Последний нынешний денечи-ик
Гуляю с вами я, друзья.
А завтра рано, чуть светочи-ик,
Заплачет вся моя семья…
Вся семья… Какая уж там семья! Непрошеные слезы застряли у меня в горле, и на взбудораженную душу водопадом рушится все: и печаль за оставшихся в сиротстве братишек и сестренку, и неминуемая тоска по своему дому, и сама эта старая дорога — отец мой по ней уходил на войну, да так и не вернулся обратно. И плачущие лица тетушек мелькают; на какой-то миг и маму свою покойную вижу; и недавние картины своего лесорубства: как-никак полторы зимы тягал лучковку. И последние дни рекрутского загула снова переживаю — ну и почудили же мы. И немножко грустно мне от того, что ни одна девка меня не провожает. Олеша вот провожают, других тоже, а меня — нет, потому что главная-то моя провожательница где-то в городе обитает, и кто знает, встретимся ли когда.

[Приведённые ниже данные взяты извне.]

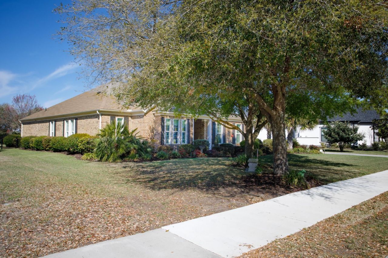 Absolutely gorgeous three bedroom, 2 and 1/2 bath all brick home on almost a half-acre lot. Natural gas home on quiet, dead-end street. Recessed lighting, Custom window treatments, crown molding throughout, wains coating in dining room, tray ceiling in master bedroom, master with two walk-in closets, walk in shower, dual sinks and makeup area. Jack & Jill bath with dual sinks serves two large bedrooms. Eat-in kitchen with large island and huge walk-in pantry. Gas range. Carolina room with built in bookcase, large living room with T.V. hookup over gas fireplace. Laundry room off Master bedroom. Screened porch with custom shades and tiled floor. Large, paved patio with gas hookup for grill. Beautifully landscaped yard with frontage on a pond. New bulkhead installed in 2025, fenced yard, natural gas heat and on demand Renai water heater. Hurricane accordion shutters on all windows and door pull-down stairs in garage for attic access. LVF in living areas, carpet in bedrooms, tile in baths and laundry room. Whole house surge suppressor has been installed. Trex built-in pest control system. Amenities include two swimming pools, waterslide, splash pad, hut tub, pickle ball court, basketball court, playground, and gym. There is nothing left to want for here. See today!!
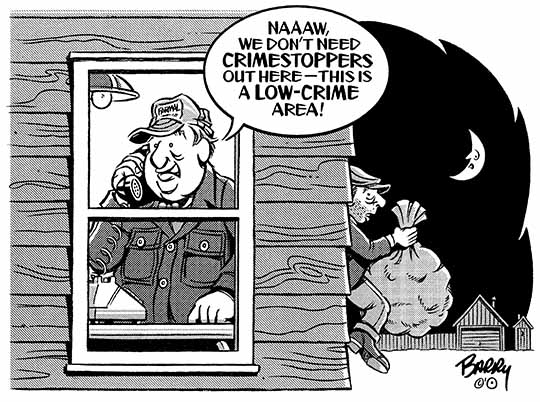 September 21, 2018 Here ya go, guys … This CRIMESTOPPERS cartoon is my 3rd & FINAL offering of Friday's promised cartoons. I had intended to hold off on sending it till I got around to creating a CRIME Toon Category — but, it does fit in rather nicely with my earlier sends on the TEST DRIVE I’ve taken this week. Ya know, for variety’s sake! Yep, it’s definitely rural — as opposed to in-town GOVT. & POLITICS. Plus, from reading through the comp subs you send me, it's very evident that CRIME is no longer mostly the domain of urban/suburban centers. Nope, rural areas across the country are being targeted for break-ins [among other crimes] more & more frequently. So, sad to say, your readers are likely to find this toon pretty relevant now. Until I get my CRIME Category built, I’m uploading this cartoon to OUTA TOWN at: http://www.barryscartoons.com/a_OUTATOWN.html I’ve placed the toon on the TOP row/LEFT side. Now — to post that IN SHOCK toon on my site ... :))) barry |
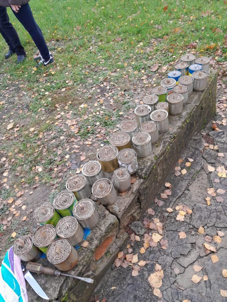Зібравши всі необхідні матеріали, приступили до роботи. Хтось обрізав бляшанки, хтось нарізав і скручував картон, інші топили віск тощо.
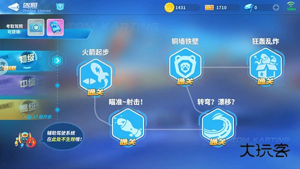 游戏中的驾照一共分为三个等级,即:初级、中级与高级。初级驾照需要玩家8级时开启,中级需要玩家13级时开启,而高级驾照要等到玩家17级时才能开启。每个等级的驾照考试比赛均为五个,只有通过前一关才会开启下一关,当通过最后一关时,玩家才能获得该等级的驾照。
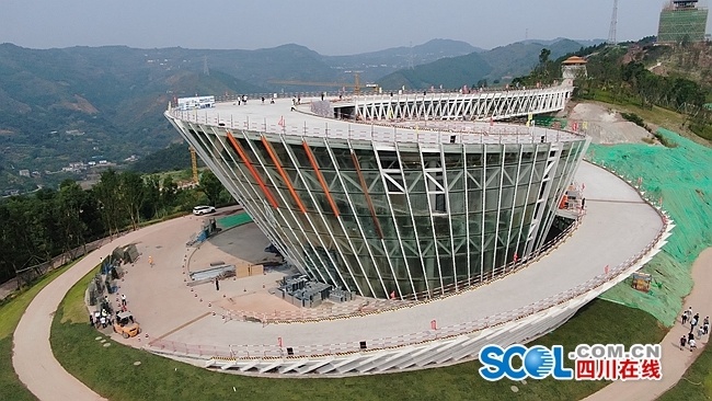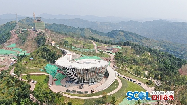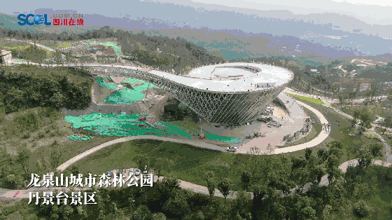 据了解,龙泉山城市森林公园坚持“世界级的城市绿心、国际化城市会客厅、市民喜爱的生态游憩乐园”的总体定位,重塑核心区955亩山地森林景观和上山道路两侧景观,新建丹景台、丹景阁、丹景里、丹景亭四处特色功能性建筑,风格融合了金沙文化和竹文化元素。作为龙泉山城市森林公园第一个先导性、示范性、引领性核心景区项目,丹景台景区核心区体结构目前已完工,预计今年国庆期间全面对外开放,有潜力成为广大市民游客喜爱的新晋“网红打卡地”,此次提前探访,获得全国媒体一致点赞。
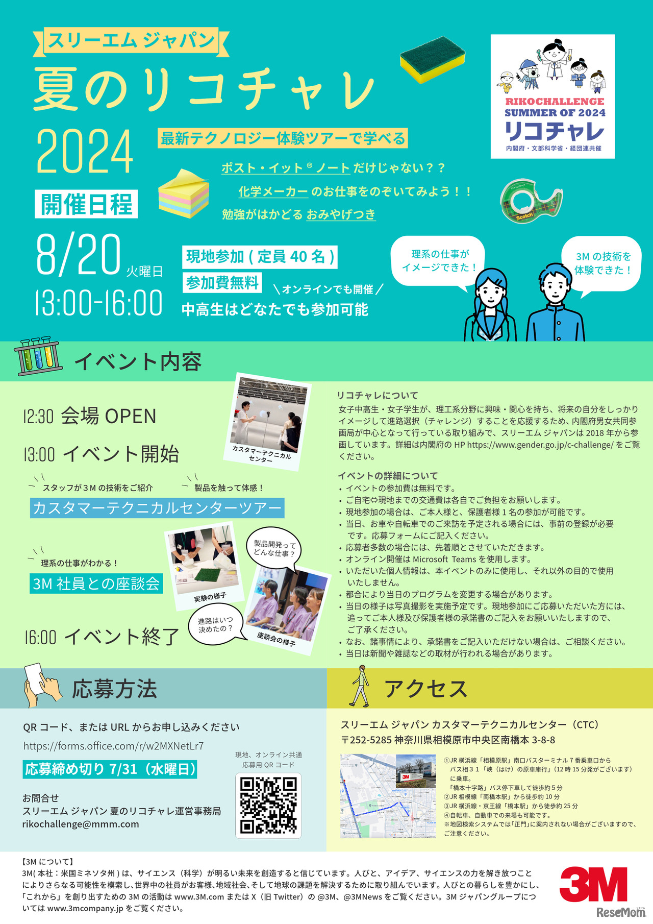 スリーエム ジャパンは2024年8月20 日、中学生・高校生に向け「3M 夏のリコチャレ2024」を開催する。3Mのカスタマーテクニカルセンターのツアーと3Mで実際に働いている技術者との座談会を行う。現地参加は定員40名(先着)、オンラインも同時開催。参加申込みは7月31日まで。
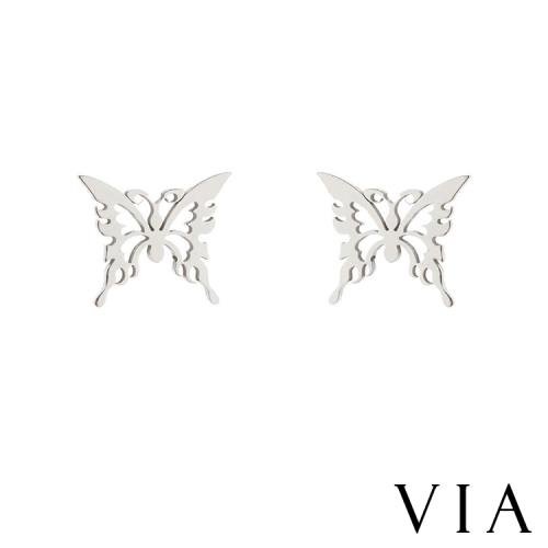【VIA】昆蟲系列 縷空花蝴蝶造型白鋼耳釘 造型耳釘 鋼色

В зимовке, прорысив верст сорок, дядя Капит решил дать лошадям отдых. Да и нам нелишне было погреться, ведь в похмельной-то дремоте, на санях, особенно сильно пробирает озноб.

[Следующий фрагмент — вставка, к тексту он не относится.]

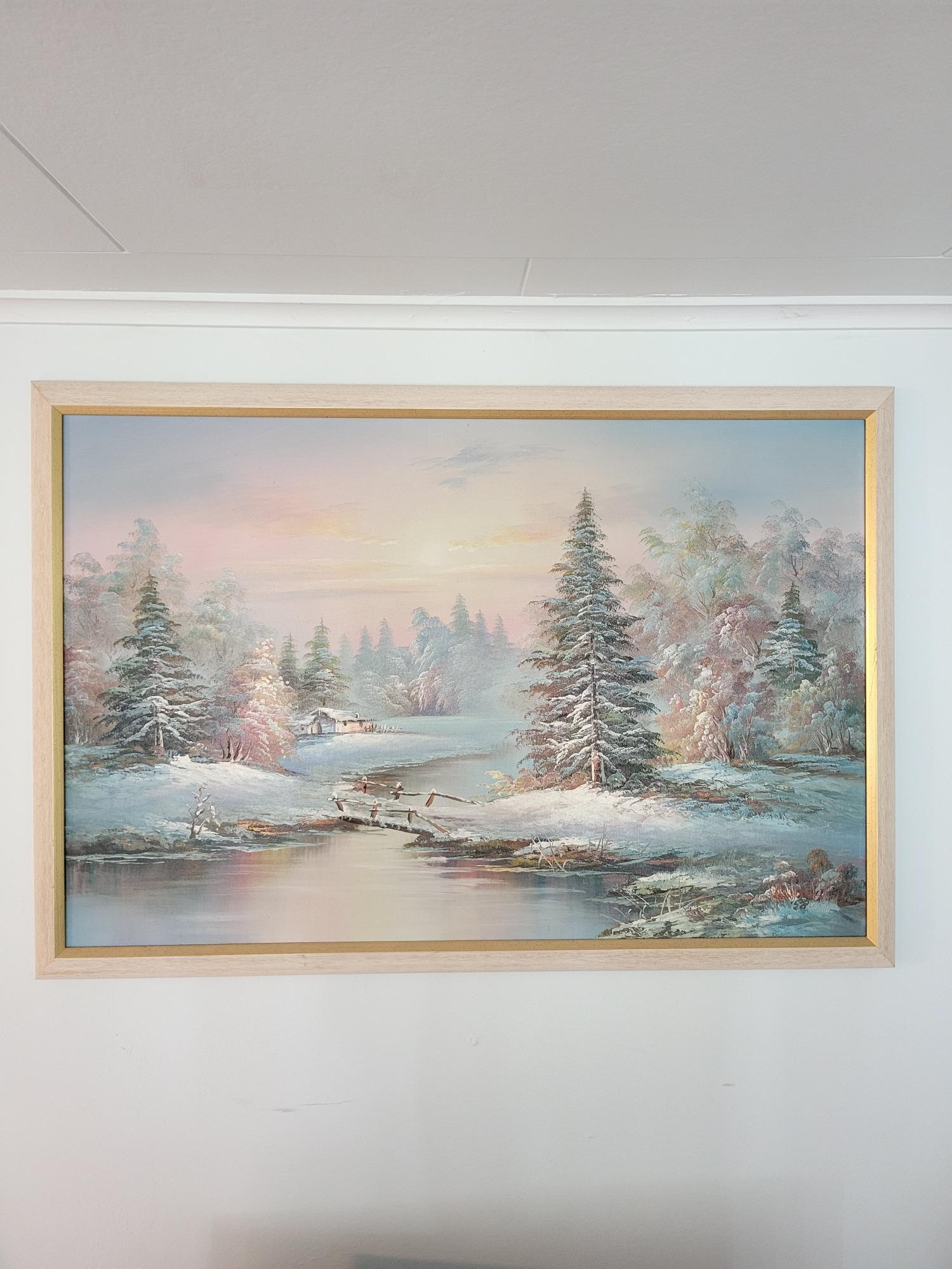 Winter scene landscaoe painting on canvas. It appears to be signed on the lower right corner of the painting but is hard to make out. Light wood frame. Overall measurements 39" long x 27 tall.
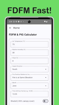• Calculate Fine Dead Fuel Moisture (FDFM) and Probability of Ignition (PIG) in an instant
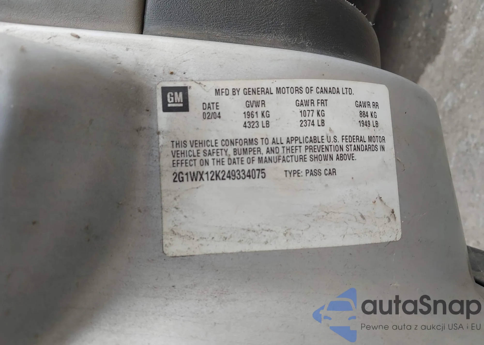 • VIN 2G1WX12K249334075
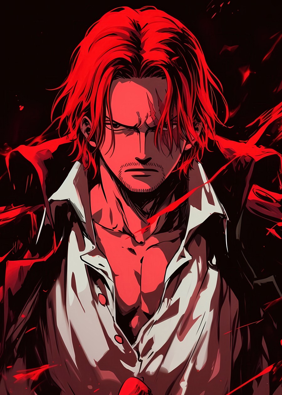 Shanks the Red-Haired Pirate from One Piece glowing in red aura with fierce presence
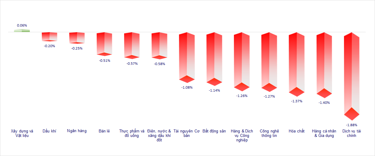 Một số nhóm cổ phiếu giảm điểm đáng chú ý khác có thể kể tới như Bảo hiểm (BVH -1.5%, PVI -1.7%), Dầu khí (PVS -0.9%, PVD -1.4%), Điện (POW -1.4%, REE -0.9%), Đầu tư công (CII -4.8%, HHV -4.3%, LCG -4%, PC1 -2.9%, KSB -2%), Khu công nghiệp (KBC và IJC đều -3.7%, SZC -1.4%, VGC -2.1%), HUT -3.4%, YEG -2.4%, EVF -3.2%,…

Из глубин лесов с веселым перезвоном — тинь-ти-ли-пинь! — выскочили на широкую поляну. Одинокий дом стоит, окна не светятся. Но вот навстречу с отчаянным лаем метнулась собака. Я ее давно знаю, значит, жива еще, служит верой и правдой. Когда я в первый раз гнал плот, обратно-то из города все триста двадцать пять километров пришлось на своих двоих добираться. Четырежды заночевали в пути, в последний раз — здесь, в этой зимовке. Помню, ветреная, дождливая ночь навалилась на нас с Мышонком, и до того рады мы были этой избенке посередь леса, крыше над головой, сухости да теплу…
В доме зажегся свет, чуткая хозяйка расслышала гостей.
Да, все та же старушка, помню ее лицо, лет ей под семьдесят.
— Заходите, люди добрые, милости прошу. Погрейтесь с дороги.
— Здорово, Марпа! — замурлыкал дядя Капит в большой комнате с тесаными стенами. — Жива, значит?
— Да вот, пока не прибрал господь… — как и подобает старинным знакомым, добродушно отозвалась хозяйка. — А ты-то, но, кунды-мунды, куда опять подался? Не сидится дома, старому?
— Да вот, сынка в армию провожаю, меньшого.
— Ну-ка, который же твой-то будет? Не иначе — вот, самый длинный? — старушка безошибочно выбрала среди нас Пикона.
— Он самый.
— Все сыны твои по одной бале сколочены, не спутаешь…
— Бабуш, — нетерпеливо перебил стариков Олеш, — головы наши пополам раскалываются. Позволь посидеть за столом.